Lange haben sie nur das Nötigste gesagt: Zum ersten Mal seit dem Amoklauf von Tim K. in Winnenden und Wendlingen haben seine Eltern nun einen tieferen Einblick in ihre Gefühlswelt gegeben. Sie habe ihren Sohn schon lange vor der Tat im Jahr 2009 verloren, sagte die Mutter der «Welt am Sonntag». Sie bedauere sehr, dass ihr Sohn so viel Leid in die Welt gebracht habe. Warum das geschehen sei und warum sie als Eltern die Absichten ihres Sohnes nicht bemerkt hatten, könnten sie sich bis heute nicht erklären.

Gedenken vor der Albertville-Realschule in Winnenden. Foto: Ra Boe / Wikimedia Commons (CC-BY-SA-3.0)
Gedenken vor der Albertville-Realschule in Winnenden. Foto: Ra Boe / Wikimedia Commons (CC-BY-SA-3.0)

Auf Mitgefühl hoffen sie aber nicht. Man könne natürlich nicht erwarten, dass jemand um ihren Sohn trauere oder ihn vermisse, wird die Mutter zitiert. Es sei aber nicht so, dass der Amokläufer von Winnenden nie geliebt worden sei und nun nicht mehr geliebt werde. Den Vater zitiert die Zeitung mit folgenden Worten: «Er fehlt mir so.»

Nach dem Amoklauf hatten die Eltern den Namen geändert, ihren Wohnort Winnenden in Baden-Württemberg zunächst verlassen und die Tochter auf eine Schule ins Ausland geschickt. Den Sohn haben die Eltern nach eigenen Angaben anonym in einem Friedwald bestattet. Die Polizei habe damals von einer normalen Beerdigung abgeraten. Es habe nicht garantiert werden können, dass das Grab nicht geschändet wird.

Zweimal im Jahr, an dem Geburtstag und dem Todestag von Tim K. fahren die Eltern dem Bericht zufolge zu dem Friedhof, auf dem ihr Sohn beigesetzt wurde und der ein paar Autostunden entfernt liegt. Vielleicht werde er es irgendwann schaffen, den Namen an das Grab seines Sohnes zu schreiben, sagte der Vater dem Blatt.

Der 17-jährige Tim K. hatte im März 2009 mit einer Waffe seines Vaters ein Blutbad mit 15 Toten angerichtet und sich selbst erschossen. Die meisten Menschen, acht Schülerinnen, einen Schüler und drei Lehrerinnen, ermordete er in seiner ehemaligen Schule, der Albertville-Realschule in Winnenden. Weitere drei Menschen tötete er auf seiner Flucht.

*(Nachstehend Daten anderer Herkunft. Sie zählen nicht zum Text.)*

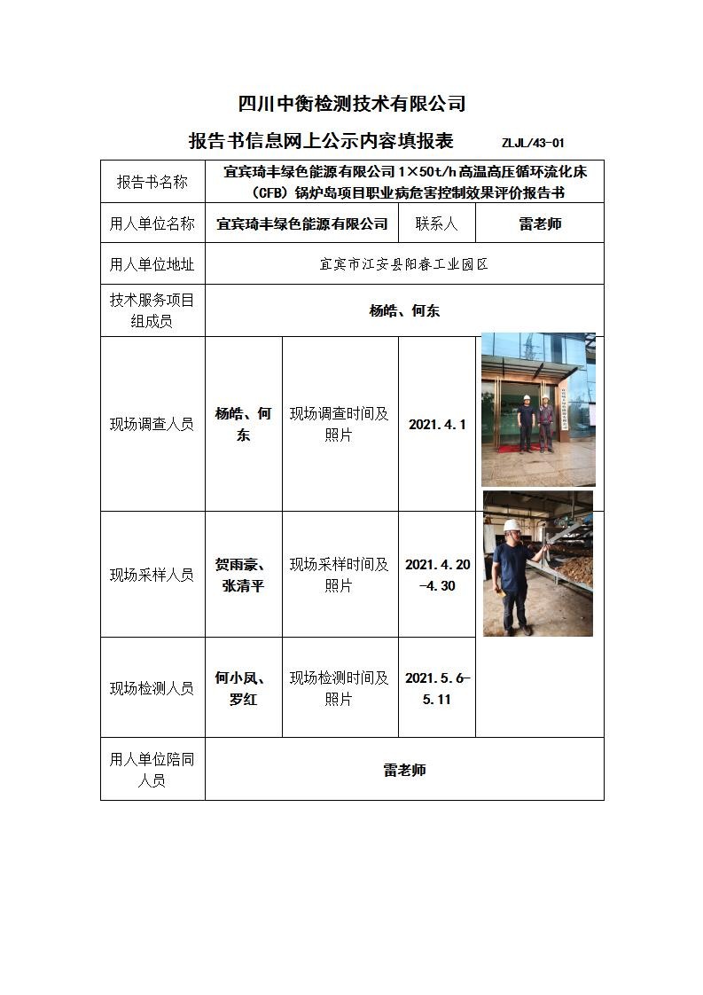 宜賓琦豐綠色能源有限公司1×50t/h高溫高壓循環(huán)流化床(CFB)鍋爐島項目職業(yè)病危害控制效果評價

In einem Strafprozess war der Vater des Amokläufers wegen fahrlässiger Tötung zu einem Jahr und sechs Monaten Haft auf Bewährung verurteilt worden. Er hatte die Tatwaffe unverschlossen im Kleiderschrank aufbewahrt. Die Munition – Tim K. hatte bei dem Amoklauf 285 Kugeln dabei – hatte er im Nachttisch verstaut. (Holger Vieth, dpa)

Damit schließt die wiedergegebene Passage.